LE PRESIDENT les aime beaucoup : « Ils sont joyeux, parce que les Africains sont joyeux par nature. Ils sont enthousiastes. Ils ont le sourire. Ils applaudissent. Ils sont contents. Ils voient qu’il y a un monsieur qui passe, cela leur permet d’être sur le bord de la route. Ils sont contents, bien ! », explique-t-il, avec cette profondeur de vue qui est la marque des grands hommes d’État .
LE GENERAL Gnassingbé Eyadéma était-il un dictateur joyeux par nature ?
CERTAINEMENT. LE GENERAL est arrivé au pouvoir en 1967 par un coup d’État organisé à... l’ambassade de France. L’Ubu roi du Togo a passé près de 40 ans à piller et tyranniser gaiement son pays. Sa bonne humeur connut parfois quelques défaillances : en mai 1999, quand Amnesty International dénonça une centaine d’exécutions extrajudiciaires commises par son régime, LE GENERAL se mit en rogne.

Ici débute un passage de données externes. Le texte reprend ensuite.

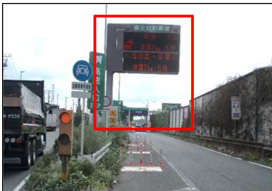
道路情報板 現地状況

そのため、お客さまへ極力ご迷惑をおかけしないよう、交通量が少ない平日の夜間にランプの閉鎖を行い、工事を集中的かつ効率的に実施します。安全・快適に高速道路をご利用いただくために必要な工事ですので、ご理解とご協力をお願いします。
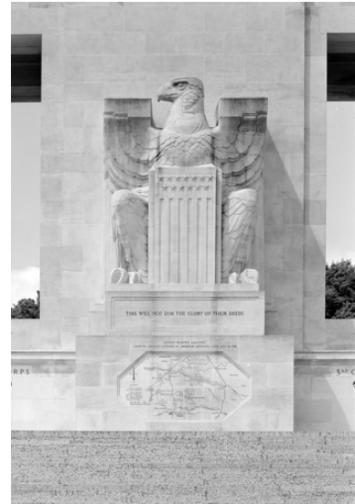
Vue de détail de l'aigle de la face sud.
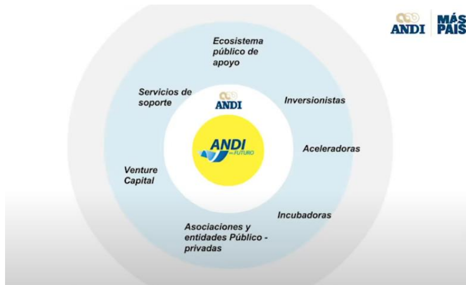
Imagen 5: Con el paso de los años el emprendimiento de Colombia ha ido avanzando de manera positiva.

Teniendo en cuenta lo anterior se debe analizar la manera en que funciona el ecosistema en Colombia y para entenderlo es clave observar la siguiente gráfica.
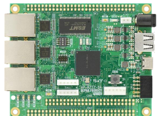
基板サイズ : 100 x 80 mm (コネクタ、突起物除く)
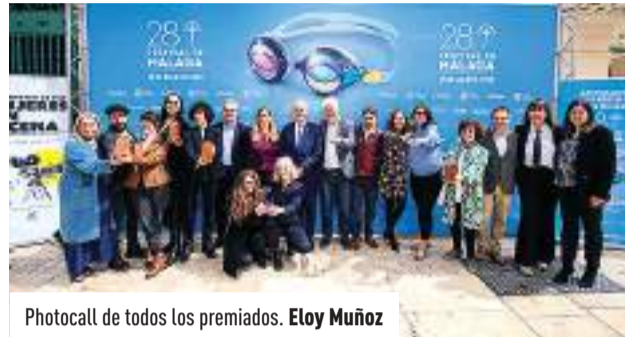
Photocall de todos los premiados.
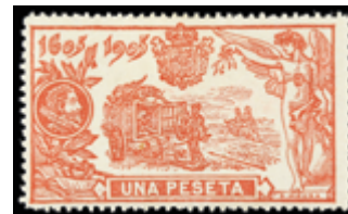
1243 75 €
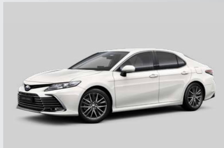
לבן צחור B-040
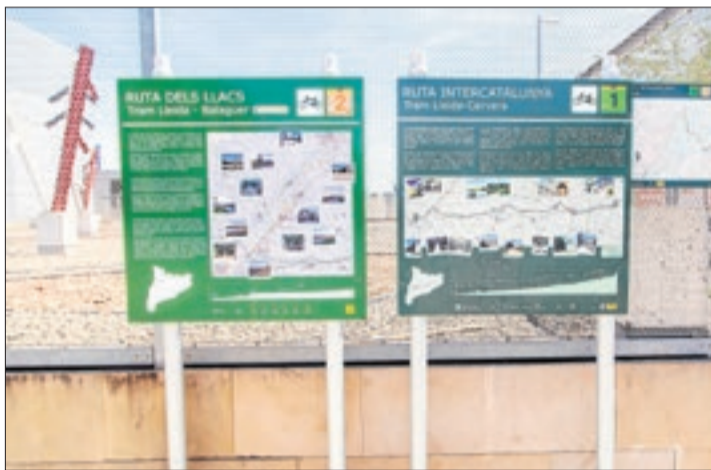
La ruta entre Lleida i Balaguer es va estrenar el 2019.

BALAGUER | L'empresa pública Infraestructures.cat ha adjudicat per més d'un milió d'euros les obres del corredor cicloturístic entre Balaguer i la Poble de Segur, conegut com la Ruta dels Llacs, que s'inclou a la xarxa catalana de rutes ciclistes de llarg recorregut, que tindrà 125 quilòmetres de llarg i transcorrerà per les comarques del Segrià, la Noguera i el Jussà, paral·lela a la línia de tren de Lleida-la Poble. Aquesta fase contempla els treballs per habilitar un tram de 12 quilòmetres entre Balaguer i Sant Llorenç de Montgai. Un altre quilòmetre correspon al tram entre Cellers i Salàs de Pallars on s'han d'eixamplar ponts amb un carril addicional i actuacions de millora de la permeabilitat de la carretera
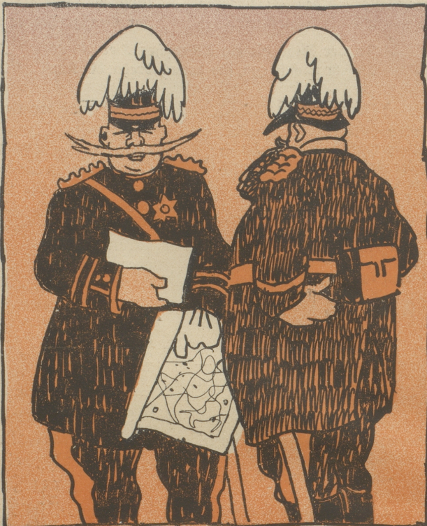
„Das fehlt uns gerade noch, daß die Leute in den Schützengräben anfangen, uns im Komödiepielen Konkurrenz zu machen.“

Ein französischer Opernsänger sang längst aus seinem Schützengraben den Deutschen die Gralseerzählung vor.
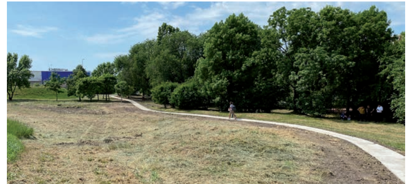
MEGÉPÜLT A JÁRDA A BEVÁSÁRLÓKÖZPONTOKHOZ
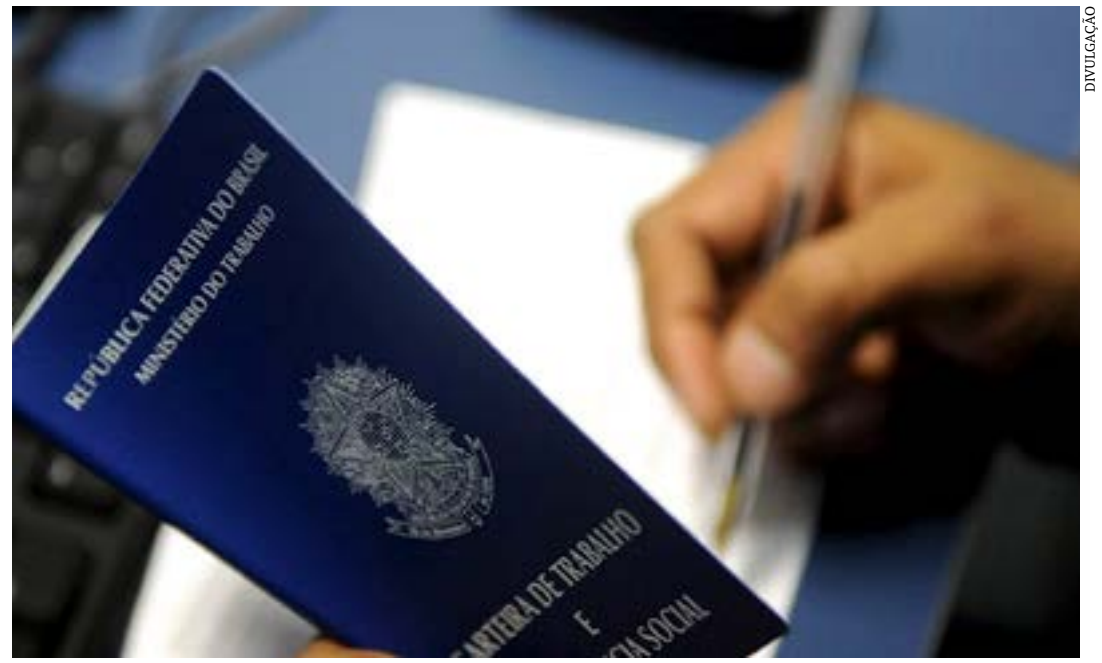
Total supera em quase dez vezes o saldo de emprego das médias e grandes empresas

teve proporção de 39% de empregos nos pequenos negócios, gerando um saldo de 61.009 vagas. Triângulo e Sul do estado vêm logo abaixo, com surgimento de 17.975 e 15.789 postos, respectivamente. Por sua vez, o Centro-oeste e Sudoeste fecharam com um
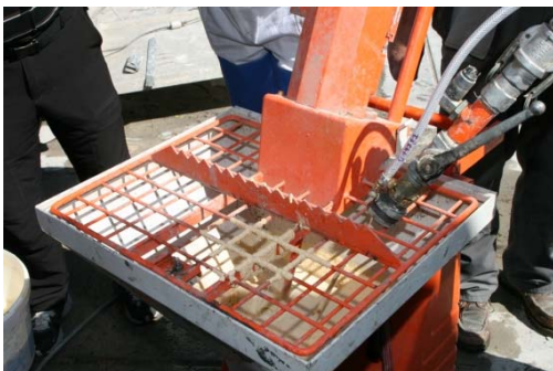
Obrázek 10: Nastavení tlaku vzduchu a výkonu čerpadla

Při nanášení omítky stříkáním na připravený podklad viz. obr. 11 dbejte na rovnoměrnou tloušťku nanášené vrstvy, tedy takovou, aby mezi zrný neprosvítal podklad, ani aby nebyla omítka nanášena v příliš silné vrstvě a nestékala.
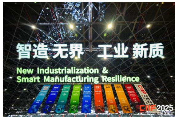
第 25 届中国国际工业博览会
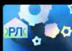
Дифференциация звуков [Р] и [Л] в слов...
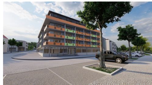
R2_26 - Foto
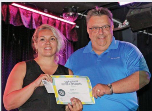
Festival Mtl en Arts Coup de cœur du public Desjardins

En participant à la vitalité de notre quartier!
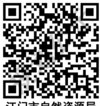
江门市自然资源局 规划公示网址
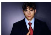
Деми Мур конечно побара развод од Качер
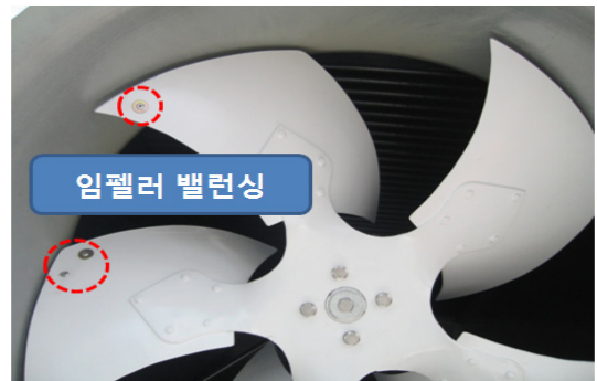
<그림 3> 저소음 냉각팬

우리나라의 주거지역 생활소음 규제기준인 주간 55dBA, 야간 45dBA 이하를 만족시키기 위해서 단상 BLDC(Brushless Direct-Current Motors) 적용 및 팬 임펠러 정밀 밸런싱 등을 적용한 저소음 냉각팬을 개발하였다.
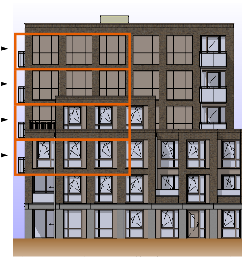
Aanzicht Koppelstokstraat 1:200
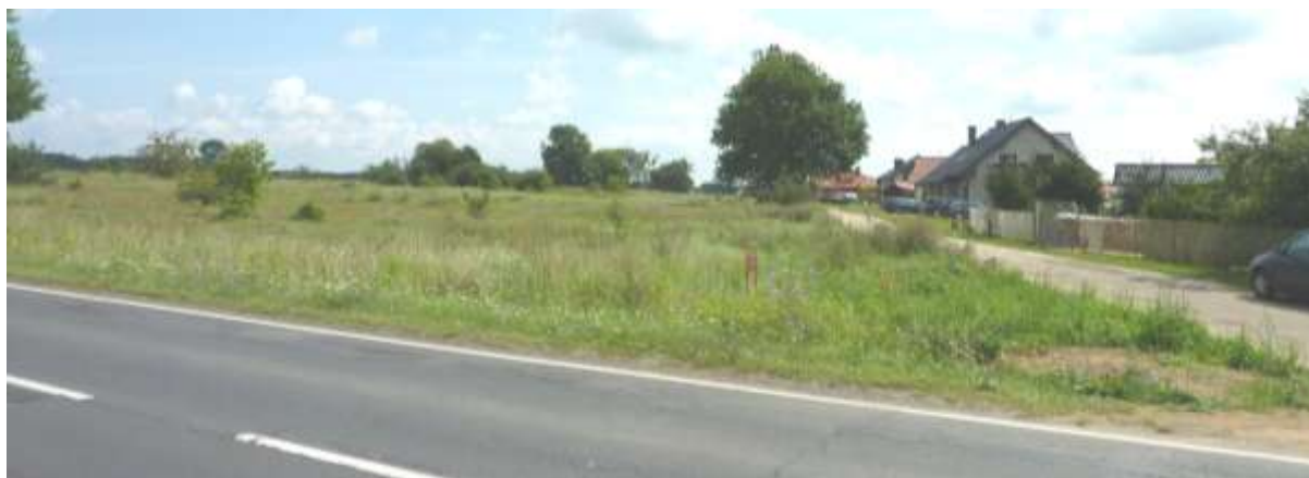
Widok od strony ul. Krotoszyńskiej na południową część terenu.
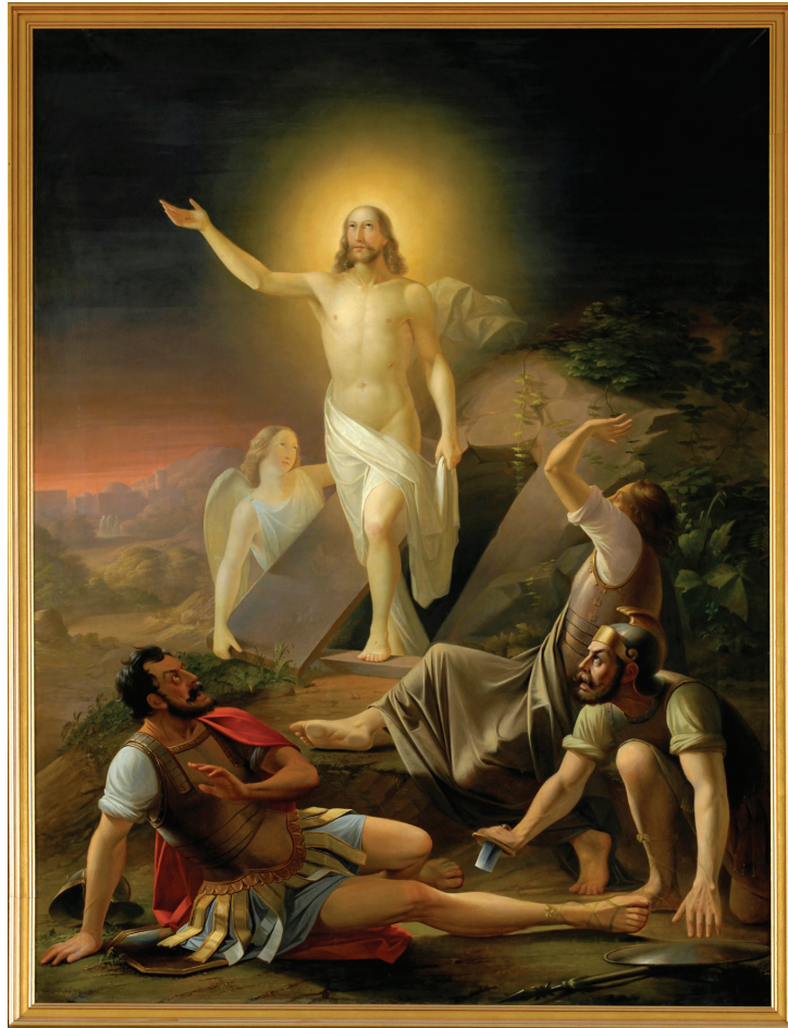
B. A. Godenhjelm: Ylösnousemus , 1845. < http://www.vihdinseurakunta.fi >. Luettu 8.1.2016.

De passage au Togo, LE PRESIDENT prit alors fait et cause pour son copain LE GENERAL en accusant Amnesty de « manipulation ».
Le 5 février 2005, LE PRESIDENT a pleuré le décès de papa Eyadéma, un « ami de la France » qui « depuis tant d’années, consacrait ses efforts à la coopération régionale, à la médiation et à la recherche de la paix. »
Heureusement, son rejeton est là pour reprendre le flambeau. Que les Togolais se le tiennent pour dit : s’ils cessent d’être « joyeux par nature » et s’énervent contre cette France « amie » de leur pire cauchemar, on les décrétera sauvages, manipulés et racistes anti-blancs. Et on leur enverra la troupe.